[Extracted material]:
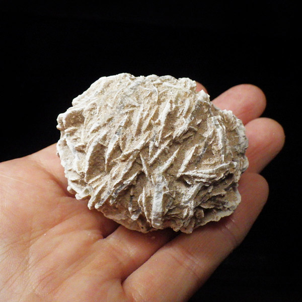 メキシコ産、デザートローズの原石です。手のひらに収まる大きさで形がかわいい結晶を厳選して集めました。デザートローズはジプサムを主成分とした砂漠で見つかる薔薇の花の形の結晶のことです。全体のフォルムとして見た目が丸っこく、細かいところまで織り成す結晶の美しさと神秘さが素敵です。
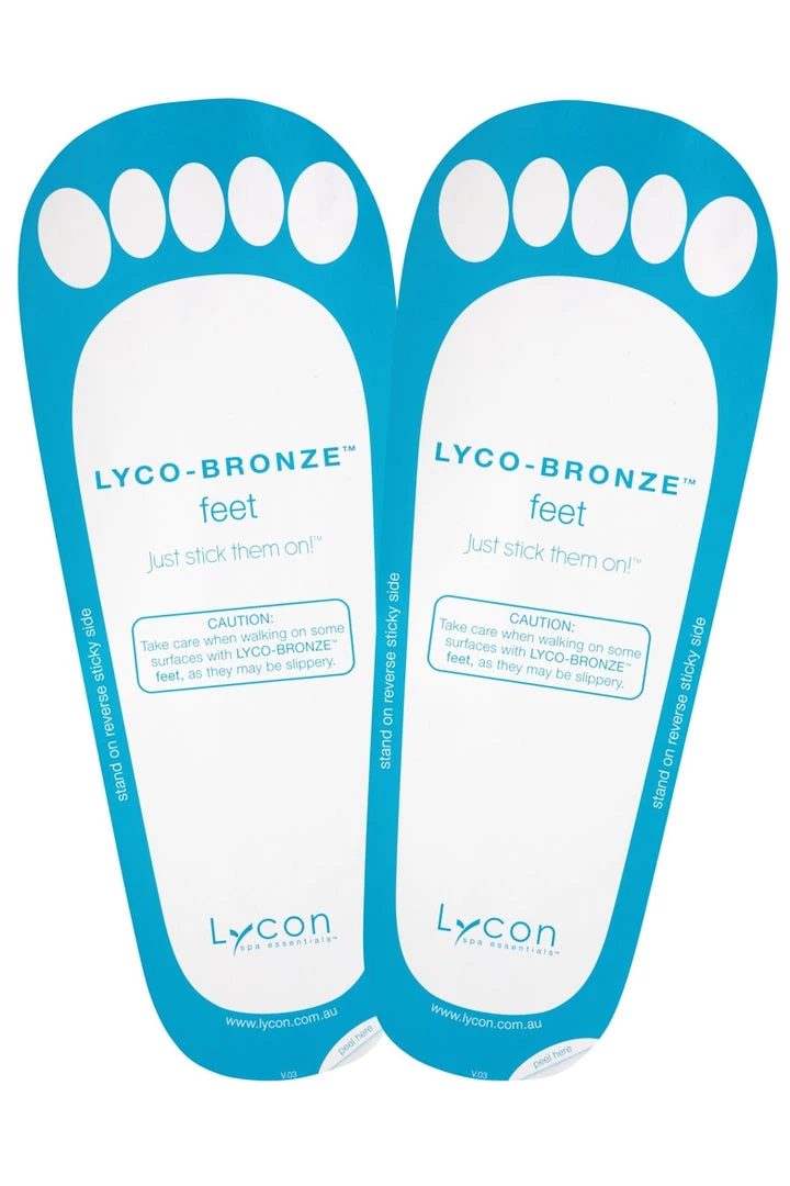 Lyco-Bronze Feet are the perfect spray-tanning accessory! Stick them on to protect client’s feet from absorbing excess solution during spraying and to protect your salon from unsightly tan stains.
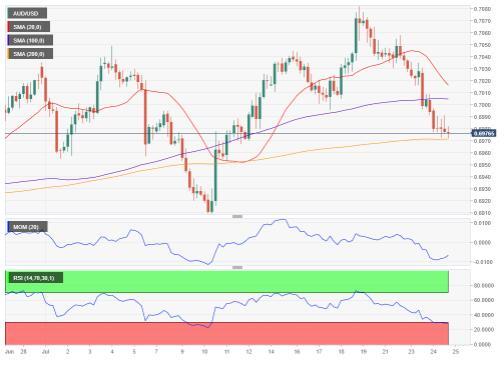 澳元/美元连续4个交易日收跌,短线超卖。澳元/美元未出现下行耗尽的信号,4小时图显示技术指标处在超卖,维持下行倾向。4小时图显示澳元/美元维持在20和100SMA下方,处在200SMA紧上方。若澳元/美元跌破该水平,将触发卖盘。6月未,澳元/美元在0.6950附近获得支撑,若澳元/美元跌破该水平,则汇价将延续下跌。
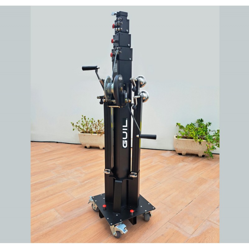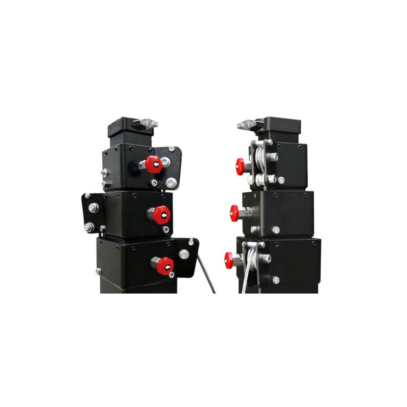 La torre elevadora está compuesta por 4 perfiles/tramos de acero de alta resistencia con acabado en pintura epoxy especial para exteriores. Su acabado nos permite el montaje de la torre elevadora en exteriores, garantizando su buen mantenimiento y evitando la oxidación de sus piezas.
==
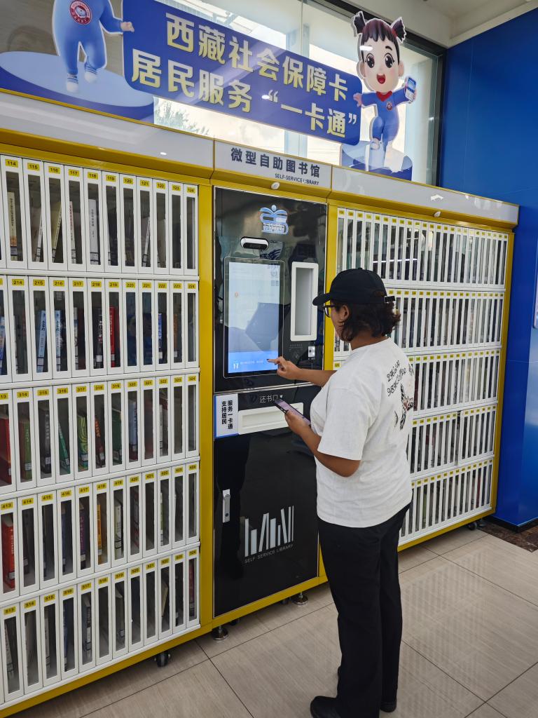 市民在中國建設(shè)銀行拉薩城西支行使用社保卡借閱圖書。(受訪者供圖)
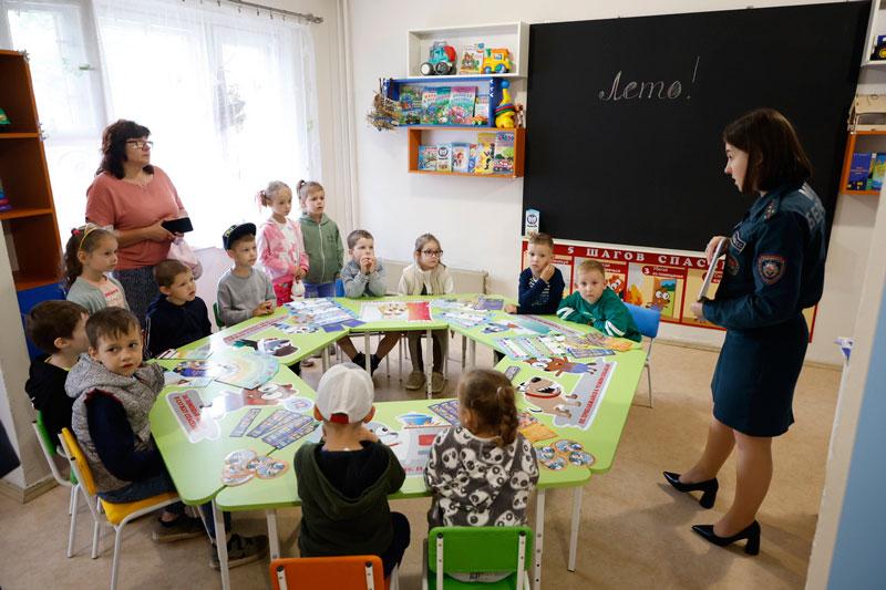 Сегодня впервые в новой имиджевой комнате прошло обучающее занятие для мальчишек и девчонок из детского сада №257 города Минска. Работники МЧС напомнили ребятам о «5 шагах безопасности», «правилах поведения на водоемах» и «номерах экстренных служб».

[Aim of the exercise]: In the listing above, find the line containing "メキシコ産、デザートローズの" and the line containing "La torre elevadora está". Reproduce those lines and all between them exactly, with no pictures and nothing more.

[Task answer]:
 メキシコ産、デザートローズの原石です。手のひらに収まる大きさで形がかわいい結晶を厳選して集めました。デザートローズはジプサムを主成分とした砂漠で見つかる薔薇の花の形の結晶のことです。全体のフォルムとして見た目が丸っこく、細かいところまで織り成す結晶の美しさと神秘さが素敵です。
 Lyco-Bronze Feet are the perfect spray-tanning accessory! Stick them on to protect client’s feet from absorbing excess solution during spraying and to protect your salon from unsightly tan stains.
 澳元/美元连续4个交易日收跌,短线超卖。澳元/美元未出现下行耗尽的信号,4小时图显示技术指标处在超卖,维持下行倾向。4小时图显示澳元/美元维持在20和100SMA下方,处在200SMA紧上方。若澳元/美元跌破该水平,将触发卖盘。6月未,澳元/美元在0.6950附近获得支撑,若澳元/美元跌破该水平,则汇价将延续下跌。
 La torre elevadora está compuesta por 4 perfiles/tramos de acero de alta resistencia con acabado en pintura epoxy especial para exteriores. Su acabado nos permite el montaje de la torre elevadora en exteriores, garantizando su buen mantenimiento y evitando la oxidación de sus piezas.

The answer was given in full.